On n'est donc pas dans LA COLLECTIONNEUSE ou PAULINE A LA PLAGE: chez Rohmer, on s'en tient à ses principes, quitte à le regretter amèrement au final. On n'est pas chez Marivaux et Diderot non plus: si on se tord les méninges pour analyser ses accès de passion, et ces mouvements du corps qu'on ne voyait pas coïncider avec ceux du coeur, les prises de tête laissent vite place aux étreintes sans contrainte. Les personnages de Mouret sont en cela moins compliqués, plus modernes et instinctifs que leurs prédécesseurs des XVIII° et XIX° siècle car ils savent que l'attraction des corps possède une vérité plus palpable et concrète, qui échappe à la théorie, qui elle n'éprouve rien. 

Plus en tout cas que ce qui est inscrit dans les livres: si chaque pièce filmée dans le film, chez n'importe quel personnage, possède quantité de bouquins, souvent du sol au plafond, c'est pour que les amants s'en servent comme objets d'oubli, de diversion (on lit en faisant semblant de ne pas remarquer l'autre), ou carrément comme ustensile de scène de ménage, à se balancer dans la figure.



Rien n'est compliqué finalement: on se laisse aller à ses élans (et chez Mouret, ce grand amoureux de l'amour, c'est quasi systématique, de façon presque gaguesque) et on finit par succomber à cet amoureux de passage, à la petite amie de son meilleur ami, à la femme de son cousin, à son patron plus âgé, à cette ancienne maîtresse abandonnée par son mari. Dans les films de Mouret, au fond, ça n'est pas bien compliqué: il suffit de se parler en toute confiance, et de s'abandonner un peu. Et pouf.
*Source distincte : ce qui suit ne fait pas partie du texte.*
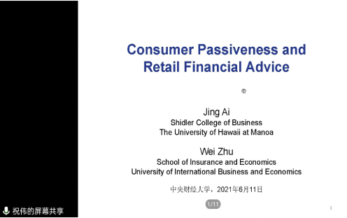 2021年6月11日,北京市双一流共建项目学术报告(暨风险管理与保险论坛(2021年度)第11讲)在腾讯会议顺利举行。本次会议邀请到对外经济贸易大学伟德betvlctor体育官网祝伟教授,就金融顾问与保险消费的关系问题作题为《Consumer Passiveness and Retail Financial Advice》的学术报告。报告由伟德betvlctor体育官网副院长周桦教授主持,伟德betvlctor体育官网和北京工商大学多位师生参加了讲座。
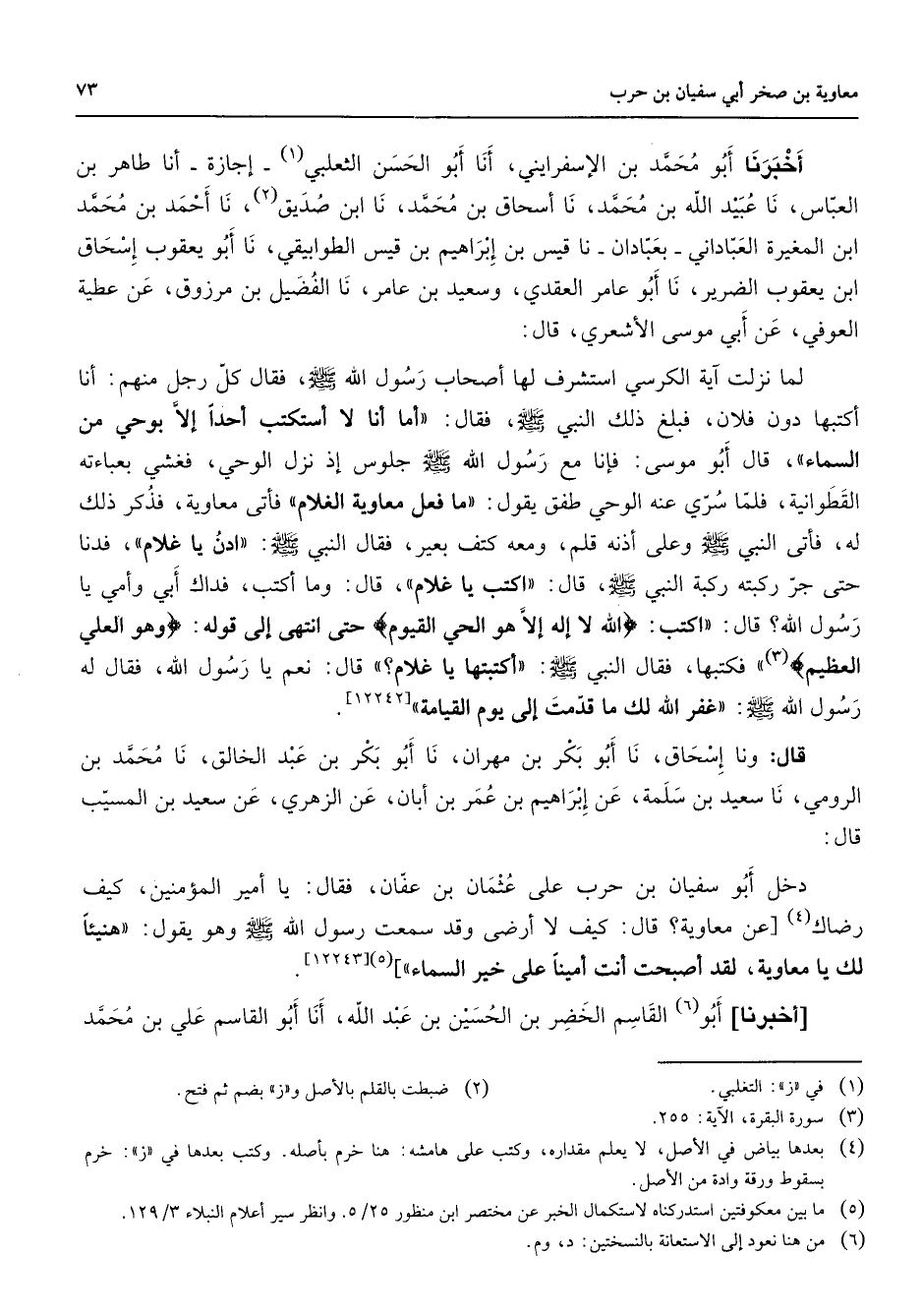 أخبرنا أبو محمد بن الإسفرايني أنا أبو الحسن الثعلبي (1) إجازة أنا طاهر بن العباس نا عبيد الله بن محمد نا أسحاق بن محمد نا ابن صديق (2) نا أحمد بن محمد ابن المغيرة العباداني بعبادان نا قيس بن إبراهيم بن قيس الطوابيقي نا أبو يعقوب إسحاق ابن يعقوب الضرير نا أبو عامر العقدي وسعيد بن عامر نا الفضيل بن مرزوق عن عطية العوفي عن أبي موسى الأشعري قال لما نزلت آية الكرسي استشرف لها أصحاب رسول الله (صلى الله عليه وسلم) فقال كل رجل منهم أنا أكتبها دون فلان فبلغ ذلك النبي (صلى الله عليه وسلم) فقال أما أنا لا أستكتب أحدا إلا بوحي من السماء قال أبو موسى فإنا مع رسول الله (صلى الله عليه وسلم) جلوس إذ نزل الوحي فغشي بعباءته القطوانية فلما سري عنه الوحي طفق يقول ما فعل معاوية الغلام فأتى معاوية فذكر ذلك له فأتى النبي (صلى الله عليه وسلم) وعلى أذنه قلم ومعه كتف بعير فقال النبي (صلى الله عليه وسلم) ادن يا غلام فدنا حتى جر ركبته ركبة النبي (صلى الله عليه وسلم) قال اكتب يا غلام قال وما أكتب فداك أبي وأمي يا رسول الله قال اكتب " الله لا إله إلا هو الحي القيوم " حتى انتهى إلى قوله " وهو العلي العظيم (3) " فكتبها فقال النبي (صلى الله عليه وسلم) أكتبتها يا غلام قال نعم يا رسول الله فقال له رسول الله (صلى الله عليه وسلم) غفر الله لك ما قدمت إلى يوم القيامة قال ونا إسحاق نا أبو بكر بن مهران نا أبو بكر بن عبد الخالق نا محمد بن الرومي نا سعيد بن سلمة عن إبراهيم بن عمر بن أبان عن الزهري عن سعيد بن المسيب قال دخل أبو سفيان بن حرب على عثمان بن عفان فقال يا أمير المؤمنين كيف رضاك (4) عن معاوية قال كيف لا أرضى وقد سمعت رسول الله (صلى الله عليه وسلم) وهو يقول هنيئا لك يا معاوية لقد أصبحت أنت أمينا على خير السماء (5) أخبرنا أبو (6) القاسم الخضر بن الحسين بن عبد الله أنا أبو القاسم علي بن محمد
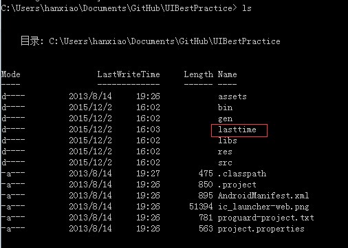 这个时候通过ls命令就会查看到项目中多了一个文件夹lasttime:
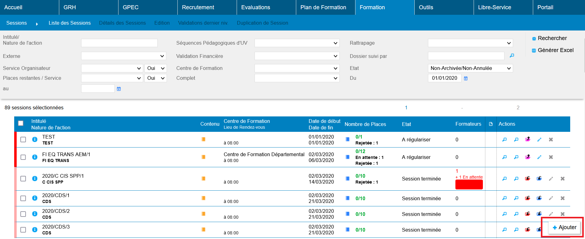 Afin de créer une nouvelle session, cliquer sur « Ajouter », se trouvant en bas de page
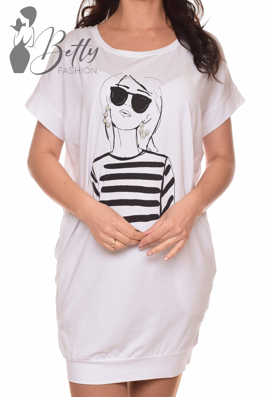 Női alak mintás, gyöngy és strassz díszes, kerek nyakú, rövid ujjú ruha

Au bout de cette chaîne passionnelle délicieuse et de jolis coeurs transis, se trouve tout de même le personnage de Louise (Emilie Dequenne). Femme trompée, elle est non seulement sans "amant de secours", simplement abandonnée par le script, et par son homme, parti pour une autre. Mouret lui offre le plus beau rôle, non pas en lui inventant une histoire d'amour, car elle s'en invente une elle-même, faisant croire à François (Vincent Macaigne) qu'elle en aime un autre, pour l'aider à partir. Ce personnage absolument magnifique (on ne dira jamais assez qu'Emilie Dequenne est la seule actrice francophone à savoir tout jouer avec autant de force) annihile soudain ce festival de marivaudage où on aura vu, finalement, que d'adorables spécimens d'amoureux plus ou moins sexy faire montre, au fond, d'assez peu de personnalité, craquant au premier élan du coeur.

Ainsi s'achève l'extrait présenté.